The Rewind and Tab AI assistant devices don’t feature cameras, so they are limited compared to smart glasses that allow video and photo capture. And while the Humane device reportedly has a camera, its full functionality remains unclear. And even if the Humane’s camera turns out to be broadly controllable, there’s still the matter of figuring out where to clip it onto the wearer’s body for a proper photo/video angle. There’s no such design hurdle with smart glasses, which are fundamentally situated to point toward whatever you’re looking at.
Ergonomics aside, let’s put all this another way: If Ray-Ban had partnered with Apple instead of Facebook/Meta, Ray-Ban smart glasses would already be nearly ubiquitous around the world. The branding issue means that it just took Meta a little longer to start making headway into the market. The obvious ease of use and familiarity of glasses make smart glasses, for now, the clear vector for mobile AI assistants beyond the smartphone.
Of course, when Apple finally gets around to launching its own Hermès and Gucci smart glasses partnership, Ray-Bay and Meta will have a tough fight.
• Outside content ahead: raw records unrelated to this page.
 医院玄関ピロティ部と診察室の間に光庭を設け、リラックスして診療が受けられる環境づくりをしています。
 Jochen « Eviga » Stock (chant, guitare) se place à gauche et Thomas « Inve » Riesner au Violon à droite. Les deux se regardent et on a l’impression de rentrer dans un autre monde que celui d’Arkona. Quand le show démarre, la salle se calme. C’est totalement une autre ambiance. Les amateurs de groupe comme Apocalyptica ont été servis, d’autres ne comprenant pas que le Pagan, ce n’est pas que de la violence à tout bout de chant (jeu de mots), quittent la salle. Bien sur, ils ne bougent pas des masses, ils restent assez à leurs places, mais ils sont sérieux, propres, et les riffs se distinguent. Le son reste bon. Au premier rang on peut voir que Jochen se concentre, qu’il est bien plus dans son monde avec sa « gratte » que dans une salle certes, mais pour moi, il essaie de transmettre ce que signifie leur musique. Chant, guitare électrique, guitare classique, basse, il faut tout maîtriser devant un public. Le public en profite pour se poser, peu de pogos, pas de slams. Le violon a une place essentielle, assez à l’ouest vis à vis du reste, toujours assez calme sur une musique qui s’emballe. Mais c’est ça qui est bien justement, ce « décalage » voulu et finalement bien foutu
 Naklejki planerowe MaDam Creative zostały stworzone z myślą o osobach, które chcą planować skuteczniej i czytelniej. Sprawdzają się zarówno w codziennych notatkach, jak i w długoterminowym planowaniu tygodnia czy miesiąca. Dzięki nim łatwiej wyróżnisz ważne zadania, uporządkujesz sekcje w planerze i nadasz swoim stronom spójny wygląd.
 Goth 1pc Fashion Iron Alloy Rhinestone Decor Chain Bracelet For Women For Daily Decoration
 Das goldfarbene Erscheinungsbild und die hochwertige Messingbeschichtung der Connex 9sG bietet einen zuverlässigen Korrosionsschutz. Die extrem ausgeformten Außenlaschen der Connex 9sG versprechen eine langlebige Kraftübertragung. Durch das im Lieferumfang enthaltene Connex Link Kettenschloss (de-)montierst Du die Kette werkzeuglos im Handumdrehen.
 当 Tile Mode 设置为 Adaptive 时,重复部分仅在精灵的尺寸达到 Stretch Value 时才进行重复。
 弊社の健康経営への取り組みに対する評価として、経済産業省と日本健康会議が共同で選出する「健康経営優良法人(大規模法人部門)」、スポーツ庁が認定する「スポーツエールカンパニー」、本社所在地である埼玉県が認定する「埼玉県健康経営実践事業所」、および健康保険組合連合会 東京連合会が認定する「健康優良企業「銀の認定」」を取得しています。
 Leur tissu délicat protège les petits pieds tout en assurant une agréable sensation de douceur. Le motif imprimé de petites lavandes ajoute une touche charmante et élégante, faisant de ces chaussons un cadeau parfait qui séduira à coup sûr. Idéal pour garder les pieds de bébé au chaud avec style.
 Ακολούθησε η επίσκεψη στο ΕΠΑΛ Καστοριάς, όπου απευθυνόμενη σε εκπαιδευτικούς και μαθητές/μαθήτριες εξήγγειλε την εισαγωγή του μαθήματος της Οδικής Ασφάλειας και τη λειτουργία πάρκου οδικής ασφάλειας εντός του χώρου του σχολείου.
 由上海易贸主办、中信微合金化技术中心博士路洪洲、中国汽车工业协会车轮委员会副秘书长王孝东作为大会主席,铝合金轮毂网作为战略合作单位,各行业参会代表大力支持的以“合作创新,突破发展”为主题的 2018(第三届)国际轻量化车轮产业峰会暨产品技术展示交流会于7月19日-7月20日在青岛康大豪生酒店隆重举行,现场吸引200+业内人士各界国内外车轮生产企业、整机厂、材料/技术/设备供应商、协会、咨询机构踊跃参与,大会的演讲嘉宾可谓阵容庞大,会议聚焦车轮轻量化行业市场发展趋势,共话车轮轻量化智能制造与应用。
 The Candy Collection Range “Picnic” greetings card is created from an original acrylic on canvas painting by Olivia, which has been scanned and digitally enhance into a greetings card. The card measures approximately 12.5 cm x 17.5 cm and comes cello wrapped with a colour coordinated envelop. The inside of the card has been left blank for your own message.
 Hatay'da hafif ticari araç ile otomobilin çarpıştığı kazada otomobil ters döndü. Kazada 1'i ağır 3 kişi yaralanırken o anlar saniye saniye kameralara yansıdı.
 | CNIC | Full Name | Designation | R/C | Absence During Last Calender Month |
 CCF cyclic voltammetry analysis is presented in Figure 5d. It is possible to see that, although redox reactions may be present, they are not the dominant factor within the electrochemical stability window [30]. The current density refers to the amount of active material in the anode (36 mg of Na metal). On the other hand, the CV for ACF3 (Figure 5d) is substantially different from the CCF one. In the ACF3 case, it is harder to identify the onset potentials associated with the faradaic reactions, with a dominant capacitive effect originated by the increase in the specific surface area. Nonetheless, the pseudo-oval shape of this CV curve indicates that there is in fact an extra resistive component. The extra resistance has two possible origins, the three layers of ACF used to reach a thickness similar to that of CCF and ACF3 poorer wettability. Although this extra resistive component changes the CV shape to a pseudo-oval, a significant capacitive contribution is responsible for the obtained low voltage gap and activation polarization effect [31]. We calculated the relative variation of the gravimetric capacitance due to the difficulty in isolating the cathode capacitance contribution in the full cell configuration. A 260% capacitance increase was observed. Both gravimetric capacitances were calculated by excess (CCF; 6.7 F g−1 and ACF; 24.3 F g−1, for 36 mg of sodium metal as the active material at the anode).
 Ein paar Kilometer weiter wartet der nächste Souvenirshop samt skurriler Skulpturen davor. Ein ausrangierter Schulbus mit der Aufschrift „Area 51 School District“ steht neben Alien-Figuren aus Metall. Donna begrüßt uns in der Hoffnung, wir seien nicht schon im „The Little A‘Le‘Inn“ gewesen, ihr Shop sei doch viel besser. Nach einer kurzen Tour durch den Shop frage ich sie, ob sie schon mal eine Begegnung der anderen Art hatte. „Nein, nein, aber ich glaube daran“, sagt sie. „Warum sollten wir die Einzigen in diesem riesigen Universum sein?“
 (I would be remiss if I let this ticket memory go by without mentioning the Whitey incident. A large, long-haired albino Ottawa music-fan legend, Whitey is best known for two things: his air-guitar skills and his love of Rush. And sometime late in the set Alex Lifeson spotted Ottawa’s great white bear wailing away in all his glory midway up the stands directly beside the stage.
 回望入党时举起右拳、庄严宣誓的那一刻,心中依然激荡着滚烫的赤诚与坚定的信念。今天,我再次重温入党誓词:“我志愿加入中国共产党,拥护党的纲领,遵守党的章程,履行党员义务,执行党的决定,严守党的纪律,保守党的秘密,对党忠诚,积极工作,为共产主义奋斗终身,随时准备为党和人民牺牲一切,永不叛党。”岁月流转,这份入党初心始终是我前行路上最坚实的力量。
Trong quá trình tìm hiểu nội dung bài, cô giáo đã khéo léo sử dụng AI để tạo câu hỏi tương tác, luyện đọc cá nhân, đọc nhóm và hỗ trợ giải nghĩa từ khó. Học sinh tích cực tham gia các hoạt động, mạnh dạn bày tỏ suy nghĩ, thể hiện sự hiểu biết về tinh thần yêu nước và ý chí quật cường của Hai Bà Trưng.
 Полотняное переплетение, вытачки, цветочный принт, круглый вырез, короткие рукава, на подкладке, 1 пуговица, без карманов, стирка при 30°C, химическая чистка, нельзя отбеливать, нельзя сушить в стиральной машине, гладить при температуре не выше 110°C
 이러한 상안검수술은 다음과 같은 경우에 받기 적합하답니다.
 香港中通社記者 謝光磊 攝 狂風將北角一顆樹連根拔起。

The good news for Meta is that Apple has been so wrapped up in its VR/AR and iPhone pursuits, that it appears to be, for the first time in a long time, a bit behind the innovation curve when it comes to AI.
That won’t last for long. In the meantime, Meta has the opportunity to shed the creaky lingering image of its Facebook past and potentially become the face of mobile AI. The copycats are coming, now it’s on Zuckerberg to make sure they have trouble catching up.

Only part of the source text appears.